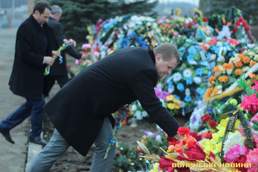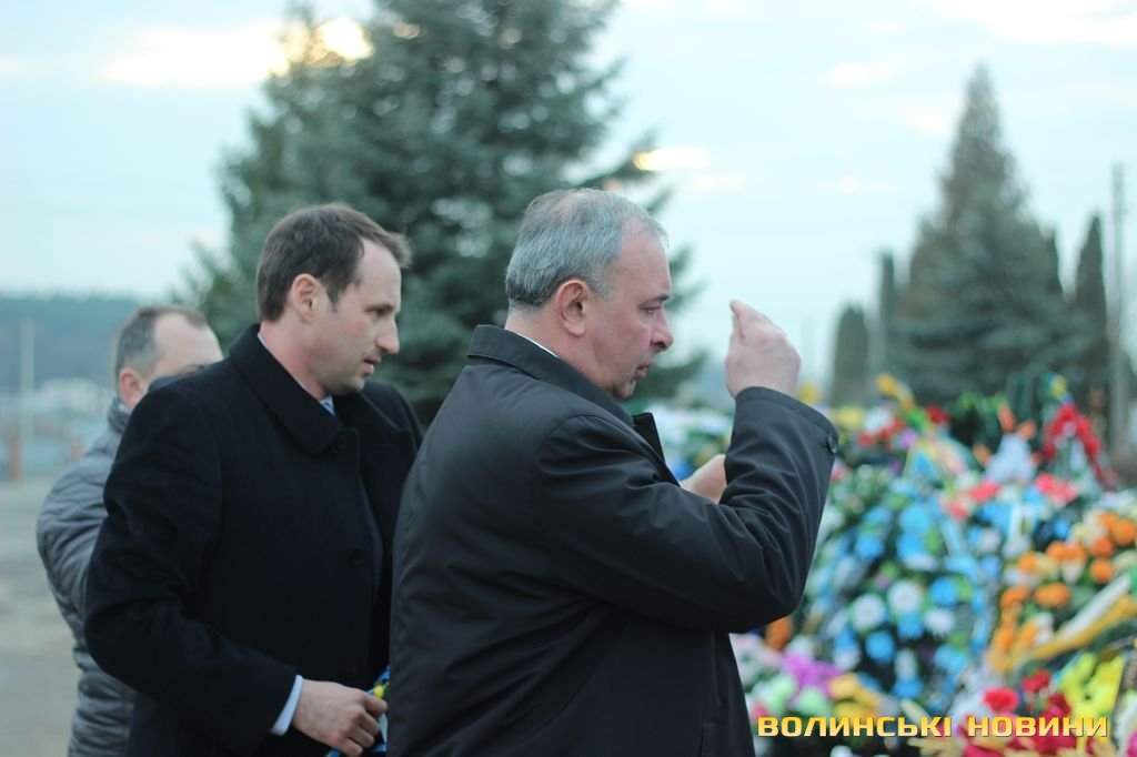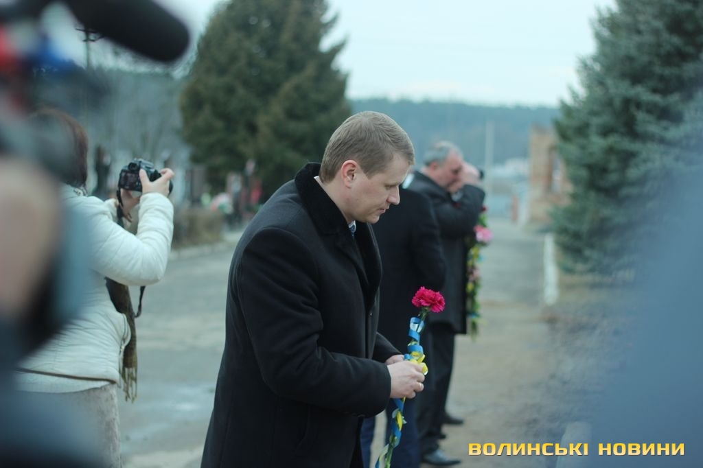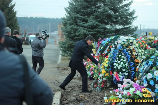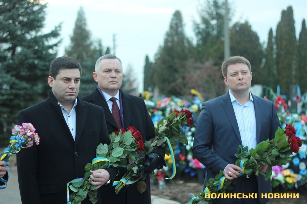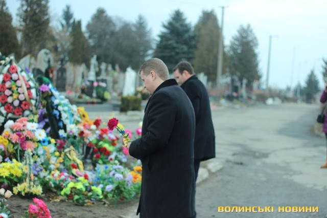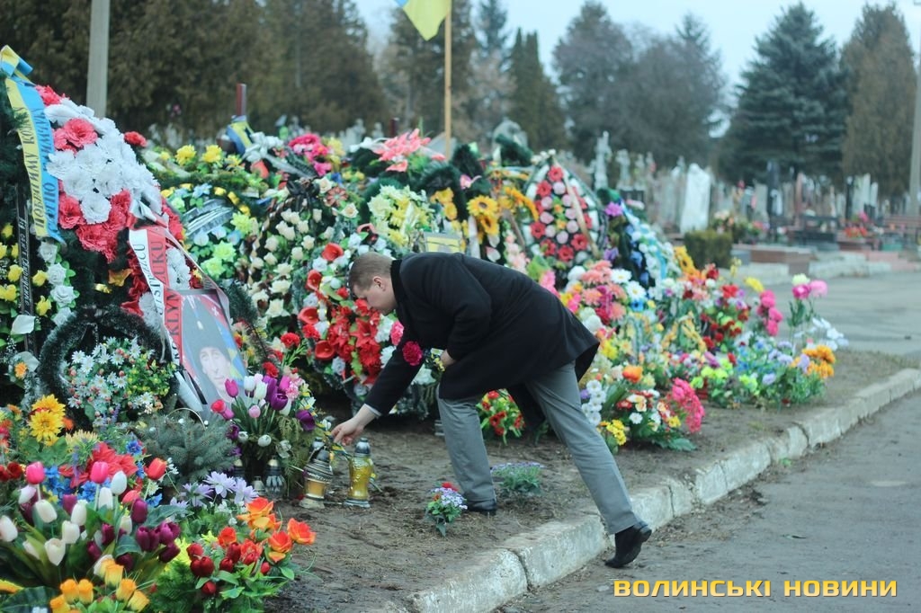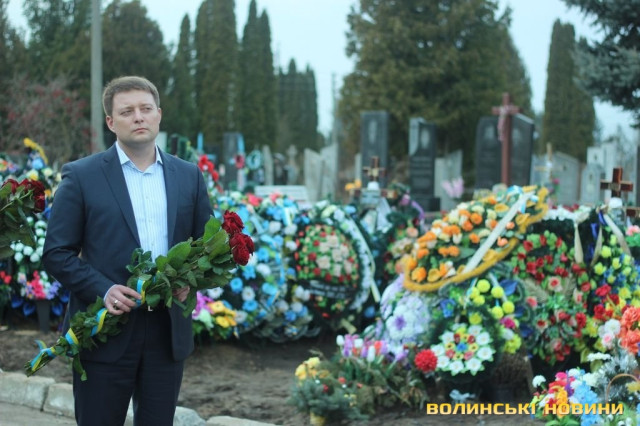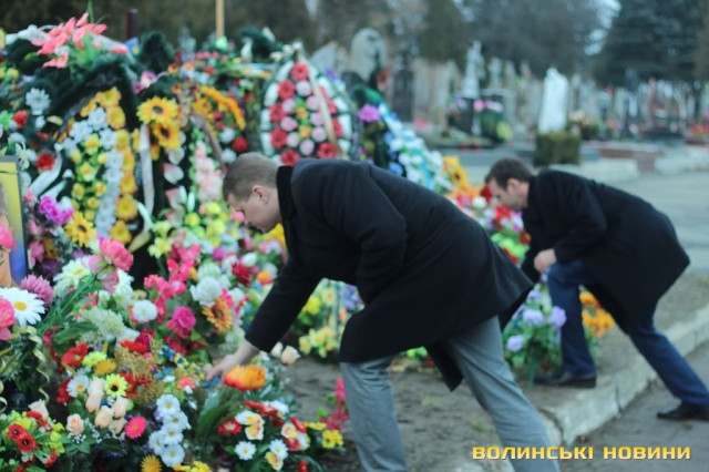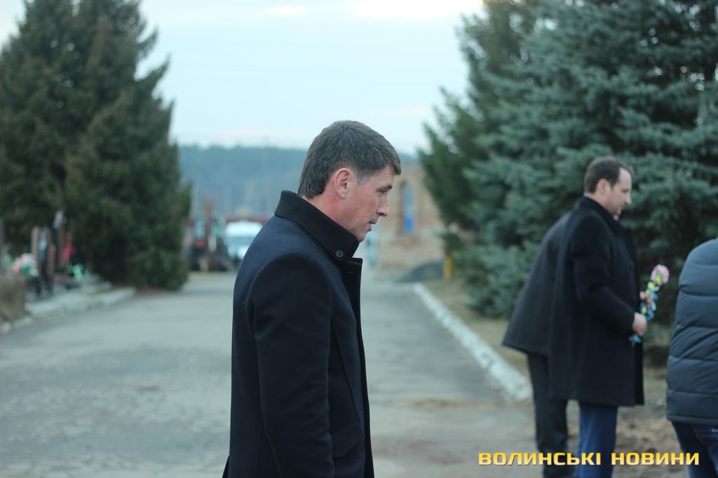 Так, на цвинтар, що в селі Гаразджа, прибув міський голова Волновахи Сергій Демченко, мер міста-партнера Кузнецовська Ігор Куц й нардеп-мажоритарник від Волновахи Дмитро Лубінець. До слова, завтра, 25 лютого, між містами Луцьк та Волноваха відбудеться угода про співпрацю, до якої Кузнецовськ долучиться в рамках партнера.
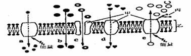 4.下图为物质跨膜运输示意图(甲、乙、丙代表物质,a、b、c、d、e代表运输方式)。下列叙述错误的是                         (   )
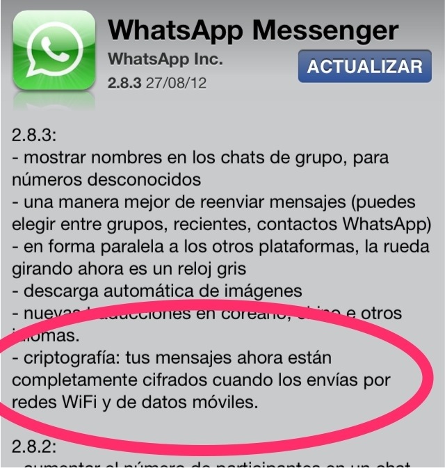 Esta medida llega gracias a que se descubrió que los dispositivos Android que contaran con permisos Root y una aplicación en específico, podían acceder a los mensajes en Whatsapp de otras personas mientras estuvieran ambos conectados a una red no segura. La empresa responsable de esta aplicación tomó cartas en el asunto y ahora esto es imposible gracias al cifrado de los mismos. No dudéis en actualizar a través de la tienda virtual de aplicaciones de vuestro dispositivo.
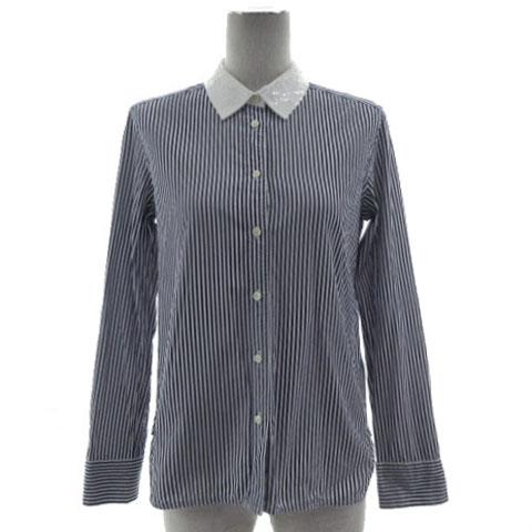 【中古】マカフィー MACPHEE トゥモローランド シャツ クレリックシャツ 襟スパンコール 長袖 ストライプ 紺 白 38
***
_DIRECTIONS FOR THIS TASK_: Omit the pictures, then output the rest of the listing exactly.

_TASK OUTPUT_:
 Так, на цвинтар, що в селі Гаразджа, прибув міський голова Волновахи Сергій Демченко, мер міста-партнера Кузнецовська Ігор Куц й нардеп-мажоритарник від Волновахи Дмитро Лубінець. До слова, завтра, 25 лютого, між містами Луцьк та Волноваха відбудеться угода про співпрацю, до якої Кузнецовськ долучиться в рамках партнера.
 4.下图为物质跨膜运输示意图(甲、乙、丙代表物质,a、b、c、d、e代表运输方式)。下列叙述错误的是                         (   )
 Esta medida llega gracias a que se descubrió que los dispositivos Android que contaran con permisos Root y una aplicación en específico, podían acceder a los mensajes en Whatsapp de otras personas mientras estuvieran ambos conectados a una red no segura. La empresa responsable de esta aplicación tomó cartas en el asunto y ahora esto es imposible gracias al cifrado de los mismos. No dudéis en actualizar a través de la tienda virtual de aplicaciones de vuestro dispositivo.
 【中古】マカフィー MACPHEE トゥモローランド シャツ クレリックシャツ 襟スパンコール 長袖 ストライプ 紺 白 38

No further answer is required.